Escaping to Hingham

When we think of tourism in Massachusetts, examples such as Hull’s Nantasket Beach, Cape Cod’s Provincetown, or Martha’s Vineyard’s Edgartown immediately come to mind. Perhaps surprising to some, Hingham held a role as a tourist destination, possessing three resort hotels throughout the 19th century.

First built in 1770, the Union Hotel was constructed where the Hingham Post Office stands today. In the early 19thcentury, it was renamed the Drew Hotel and then later the Cushing House and underwent various renovations before it was torn down in 1949.

Next, the Old Colony House was built in 1832 on top of Old Colony Hill, close to what is now Summer Street, with grounds extending to Martin’s Well. Founded by the Boston and Hingham Steamship Company, it burned down in October of 1872.

Thirdly, in 1871 the Rose Standish House was constructed in what is now Crow Point. The hotel was part of Samuel Downer’s Victorian-era amusement park, Melville Garden, until the park was dismantled in 1896.

What were some of the factors contributing to Hingham’s rise in tourism?

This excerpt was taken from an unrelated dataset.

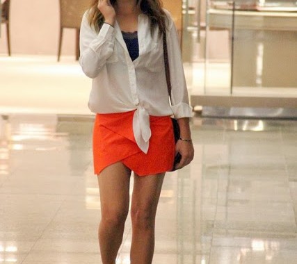 Pra montar o look, eu usei uma regatinha cinza, um blazer branco (tô in love com ele! Não consigo tirar, hehe), shortinho de renda laranja e sapatilha!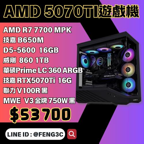 AMD 5070TI遊戲機 AMD R7 7700+RTX5070Ti 16G

While Hingham could be accessed by horse drawn carriage, the development of steamships and railroads during the 1800s was important to connecting small, rural towns like Hingham to Boston’s wealthy citizens, and later the general public, in order to grant quick access to the pleasures they had to offer.

Furthermore, with the increase in urbanization due to the Industrial Revolution, towns such as Hingham became places of escape from the city’s hustle and bustle. As cities grew, doctors and scholars began to associate the city with not only various physical diseases but also mental maladies. While sea bathing and the sea air were thought to possess healing properties, it was also considered salubrious to take a respite from the city itself. An excerpt from the research magazine Scientific American, published in 1871, discussed the medical benefits of a seaside visit for people suffering from a variety of ailments: from anxious businessmen, to people living in crowded towns, or to people recovering from illness or injury. The author stated

To these people it is not the sea air alone, nor yet change of air; but it is change of scene and habit, with freedom from the anxieties and cares of study or business, the giddy rounds of pleasure, the monotony of every-day life, or the sick room and convalescent chamber, which produce such extraordinary beneficial effects . . . .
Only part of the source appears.